For complex redirect scenarios, especially those involving wildcards or conditional logic, consider a plugin like Redirection. It gives you a GUI, logs redirects, and tracks 404s. But for simple, one-off redirects, .htaccess is faster and cleaner.

Caching and Performance Tweaks via .htaccess

Browser caching tells visitors’ browsers to store static files locally so they do not have to download them again on repeat visits. This is done with Expires headers.

<IfModule mod_expires.c>
ExpiresActive On
ExpiresDefault "access plus 1 month"
ExpiresByType text/css "access plus 1 year"
ExpiresByType text/javascript "access plus 1 year"
ExpiresByType application/javascript "access plus 1 year"
ExpiresByType image/gif "access plus 1 year"
ExpiresByType image/jpeg "access plus 1 year"
ExpiresByType image/png "access plus 1 year"
ExpiresByType image/webp "access plus 1 year"
ExpiresByType image/svg+xml "access plus 1 year"
ExpiresByType font/woff "access plus 1 year"
ExpiresByType font/woff2 "access plus 1 year"
</IfModule>

This sets a one-year cache for static assets and a one-month default for everything else.

Gzip Compression

Gzip compresses files before sending them to the browser, reducing bandwidth usage and load times:

<IfModule mod_deflate.c>
AddOutputFilterByType DEFLATE text/html
AddOutputFilterByType DEFLATE text/css
AddOutputFilterByType DEFLATE text/javascript
AddOutputFilterByType DEFLATE application/javascript
AddOutputFilterByType DEFLATE application/json
AddOutputFilterByType DEFLATE application/xml
AddOutputFilterByType DEFLATE image/svg+xml
</IfModule>

The Tradeoff

Heavy caching can cause issues during site updates. If you have a long cache duration for CSS and your theme changes, returning visitors may see broken layouts until their cache refreshes. Use versioned filenames (e.g., style.css?v=2) or a cache-busting mechanism. Most caching plugins handle this automatically.

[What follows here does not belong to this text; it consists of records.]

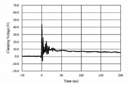 This plot shows how a GiGuard device reacts to an 8 kV ESD strike.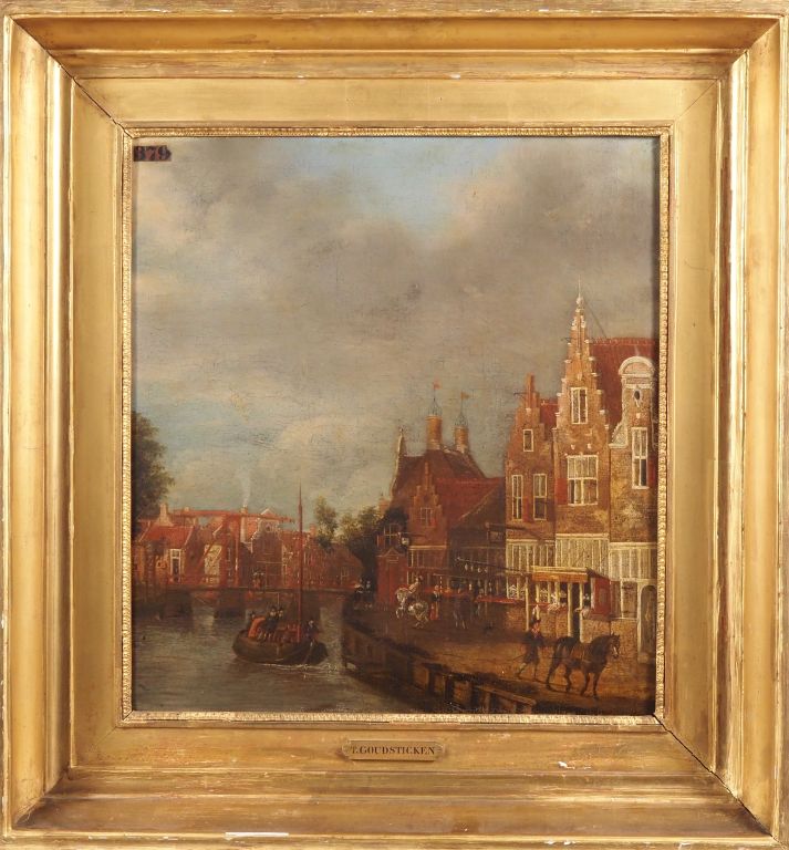 Ecole hollandaise du XVIIème "Vue d'Amsterdam" Huile sur toile Dim. 63,5 x 56 cm (restaurations anciennes) Expert : Cabinet Turquin - Stéphane Pinta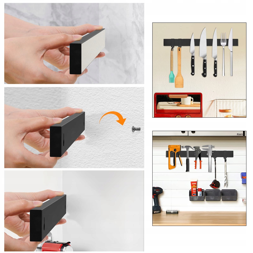 Завдяки надсильній магнітній силі, яка витримує до 3 кг, цей тримач для інструментів надійно зберігає металеве кухонне начиння, викрутки, гайкові ключі, молотки та інші інструменти, забезпечуючи надійне зберігання всіх ваших необхідних речей.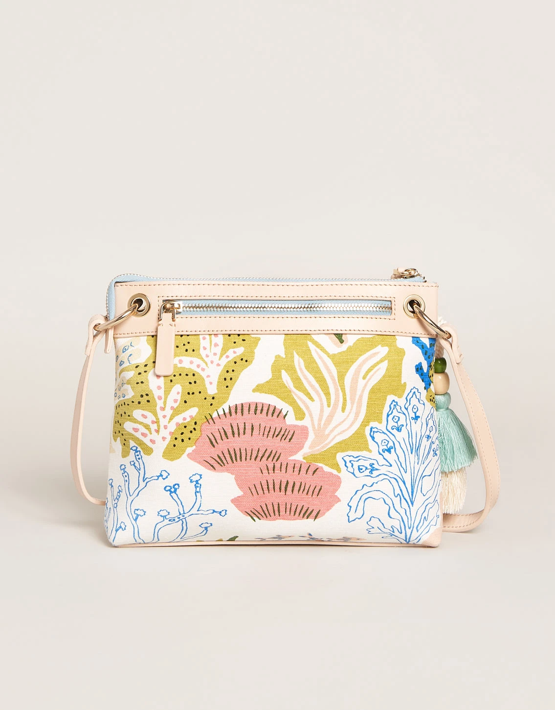 For evenings, weekends and everything in between, the Keira Crossbody is crafted for fun, ease and comfort. The adjustable leather crossbody strap is fastened securely with golden hardware to this coated textured vinyl hipster with a golden Spartina logo on the front side. The top zips closed and there is a handy back exterior zip pocket. Inside there are two slip and one zip pocket housed in a cotton lining. Plus, that fun fringe tassel!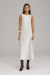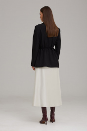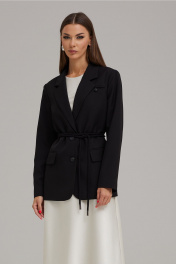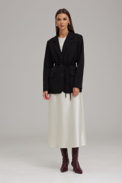 Комплект женский, состоящий из жакета и платья, выполнен из двух видов ткани. Жакет на подкладке, полуприлегающего силуэта, втачного покроя с центрально-бортовой застежкой на петли и пуговицы. Горловина оформлена воротником пиджачного типа. Рукав двухшовный, длинный. По переду расположены рельефы с нагрудной вытачкой, в области бедер – прорезные карманы в рамку с клапаном. В верхней части переда жакета расположен карман в рамку с петелькой (имитация). Борт и клапаны по низу закруглены. Спинка со средним швом и рельефами. Платье с американской проймой, полуприлегающего силуэта. Платье выполнено из атласной струящейся ткани, покроено по косой. Горловина округлой формы, по спинке с застежкой на пуговицу. По переду расположены нагрудные вытачки, на спинке – талиевые вытачки. Платье с трикотажной подкладкой. К комплекту прилагается пояс-шнур. Жакет: Ширина изделия на уровне глубины: 42р – 49см, 44р – 51см, 46р – 53см; Ширина по линии талии: 42р – 48см, 44р – 50см, 46р – 52см; Ширина по линии бедер: 42р – 51см, 44р – 53см, 46р – 55см; Ширина рукава под проймой: 42р – 16см, 44р – 17см, 46р – 18см; Длина по среднему шву спинки: 42-46р – 70см; Ширина спинки: 42-46р – 40см; Ширина плеча: 42-46р – 13см; Длина рукава: 42-46р – 62см. Платье: Ширина изделия на уровне глубины: 42р – 42см, 44р – 44см, 46р – 46см; Ширина по линии талии: 42р – 43см, 44р – 45см, 46р – 47см; Ширина по линии бедер: 42р – 50см, 44р – 52см, 46р – 54см; Длина по среднему шву спинки: 42-46р – 124см; Ширина плеча: 42-46р – 6см.

For many sites, a CDN like Cloudflare handles caching more intelligently and is easier to manage through a dashboard than raw .htaccess rules. If you are already using a performance plugin like W3 Total Cache or WP Super Cache, it may also manage .htaccess cache rules for you. Test your configuration with a tool like GTmetrix or PageSpeed Insights to verify the headers are being sent correctly.

Blocking Bad Bots and Scrapers

If your server load is high and you see strange user agents in your logs, bad bots are likely the cause. A practical .htaccess blocklist can help:

RewriteEngine On
RewriteCond %{HTTP_USER_AGENT} (ahrefsbot|mj12bot|dotbot|semrushbot|buzzsumo|exabot) [NC]
RewriteRule .* - [F,L]

You can add more user agent strings to the list separated by the pipe character. Be careful not to block legitimate search engine crawlers like Googlebot or Bingbot — that will hurt your SEO.

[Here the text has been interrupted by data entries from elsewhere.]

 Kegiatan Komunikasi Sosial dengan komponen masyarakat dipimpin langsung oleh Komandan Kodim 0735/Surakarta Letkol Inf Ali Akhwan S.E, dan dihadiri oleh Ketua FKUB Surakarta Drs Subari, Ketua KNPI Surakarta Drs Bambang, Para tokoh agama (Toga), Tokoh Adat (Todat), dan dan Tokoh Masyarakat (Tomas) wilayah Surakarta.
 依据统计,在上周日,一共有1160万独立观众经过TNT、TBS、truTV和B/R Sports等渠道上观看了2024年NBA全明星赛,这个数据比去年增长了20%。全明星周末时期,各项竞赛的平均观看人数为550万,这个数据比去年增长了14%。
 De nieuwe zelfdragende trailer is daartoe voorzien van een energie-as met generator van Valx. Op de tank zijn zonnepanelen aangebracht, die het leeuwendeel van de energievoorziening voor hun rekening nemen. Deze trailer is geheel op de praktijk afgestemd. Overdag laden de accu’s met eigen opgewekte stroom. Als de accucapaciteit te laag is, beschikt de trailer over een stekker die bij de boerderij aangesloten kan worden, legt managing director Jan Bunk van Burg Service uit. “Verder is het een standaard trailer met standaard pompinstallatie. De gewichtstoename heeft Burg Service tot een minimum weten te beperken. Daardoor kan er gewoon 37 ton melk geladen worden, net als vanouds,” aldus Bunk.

The best approach is to monitor your server logs or use a tool like Matomo or a security plugin to identify which bots are consuming resources before you start blocking. Blocking blind can cut off traffic you did not realize was useful.

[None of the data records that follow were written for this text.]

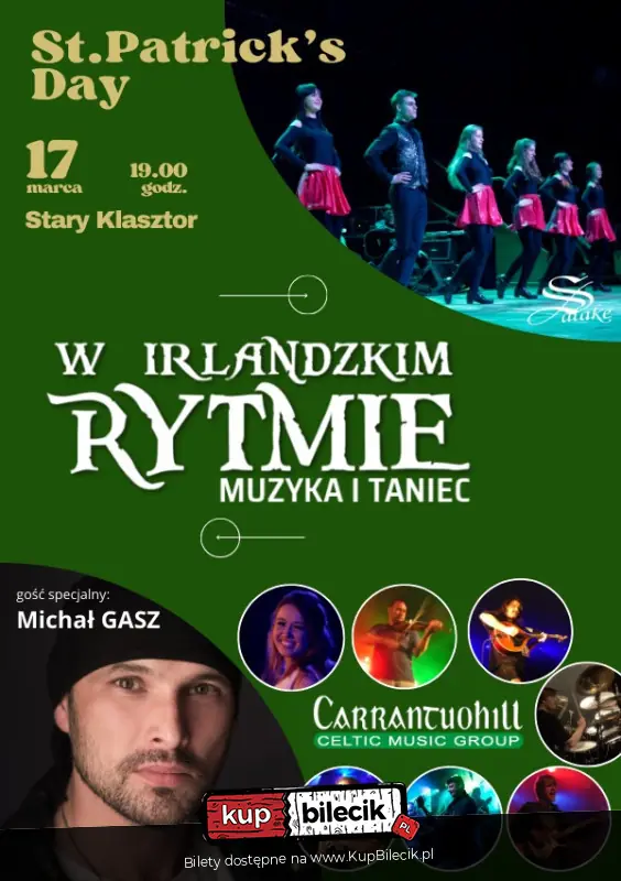 Ethno Jazz Festival zaprasza na wrocławskie obchody Dnia Św. Patryka. 17 marca w Sali Gotyckiej w Starym Klasztorze zespoły CARRANTUOHILL oraz SALAKE zaprezentują muzyczno-taneczne widowisko "W Irlandzkim Rytmie" Występujący od ponad 30 lat na scenie, nagrodzony Fryderykiem za swoją muzykę, zdobywca Złotej I Platynowej Płyty - zespół CARRANTUOHILL, wspólnie z wielokrotnymi mistrzami świata w tańcu irlandzkim - formacją SALAKE prezentują nowatorskie widowisko artystyczne w irlandzkim rytmie. Wyjątkowy koncert... bogate stroje... wspaniała muzyka... mistrzowski taniec... Tym razem - podczas największego irlandzkiego święta - z zespołem Carrantuohill wystąpi gościnnie Michał Gasz.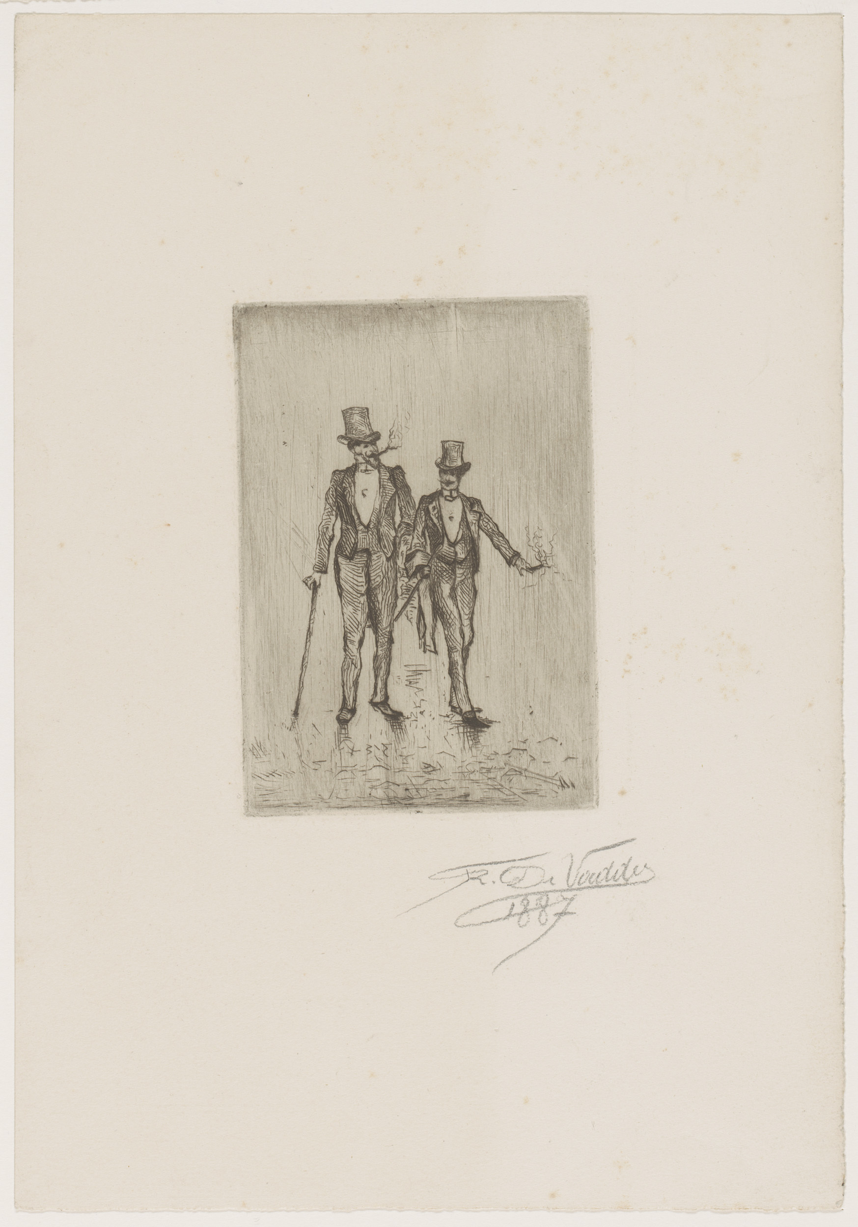 Twee mannen in rokkostuum met wandelstok en sigaar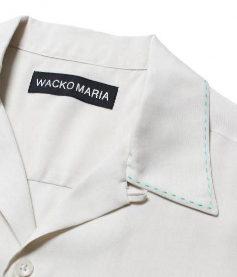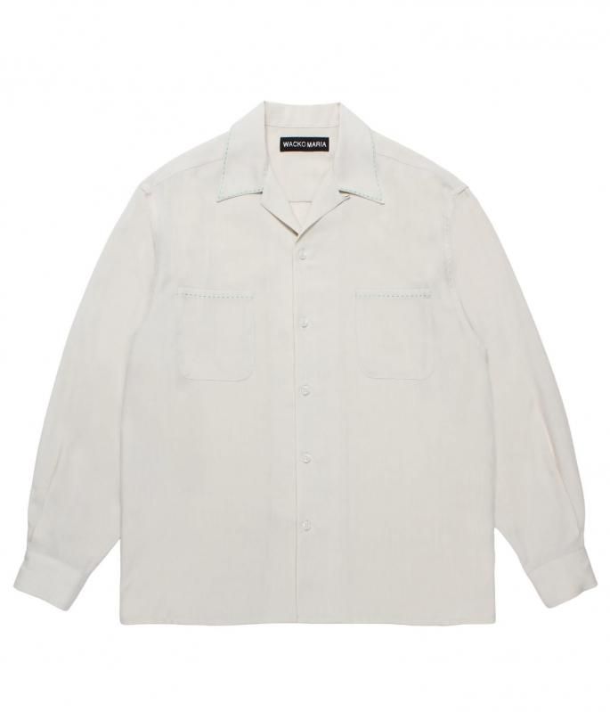 襟、ポケットにピンポンステッチが入ったオープンカラーシャツ。

For persistent bot problems, a combination of .htaccess rules and a web application firewall (WAF) from a service like Cloudflare or Sucuri gives better protection with less maintenance.

Redirecting with .htaccess: 301, 302, and Regex Patterns

Understanding when to use 301 vs 302 matters for SEO. A 301 redirect passes most of the original page’s link equity to the new URL. A 302 redirect does not — it indicates the move is temporary.

Simple 301 Redirect

Redirect 301 /old-page/ https://yoursite.com/new-page/

Simple 302 Redirect

Redirect 302 /temporary-page/ https://yoursite.com/other-page/

Redirect an Entire Old Domain

RewriteCond %{HTTP_HOST} ^olddomain\.com [NC,OR]
RewriteCond %{HTTP_HOST} ^www\.olddomain\.com [NC]
RewriteRule ^(.*)$ https://newdomain.com/$1 [L,R=301]

Regex-Based Redirects

More powerful but also more dangerous. For example, redirect all URLs with a query parameter to a clean URL:

RewriteCond %{QUERY_STRING} ^page_id=123$
RewriteRule ^index\.php$ /new-url/? [R=301,L]

The trailing question mark in the destination tells Apache to strip the query string.

Another example: change a URL pattern from /category/post-name/ to /blog/post-name/:

RewriteRule ^category/(.*)$ /blog/$1 [R=301,L]

Test regex patterns on a staging site first. A poorly written regex can create infinite loops, where the redirect keeps redirecting to itself until the browser times out. Also avoid chaining redirects (A → B → C). Each hop loses some link equity and slows the user experience. Point everything directly to the final URL.

If your redirect logic gets complex — more than a handful of rules — use a plugin like Redirection. It prevents you from creating loops and gives you an audit log.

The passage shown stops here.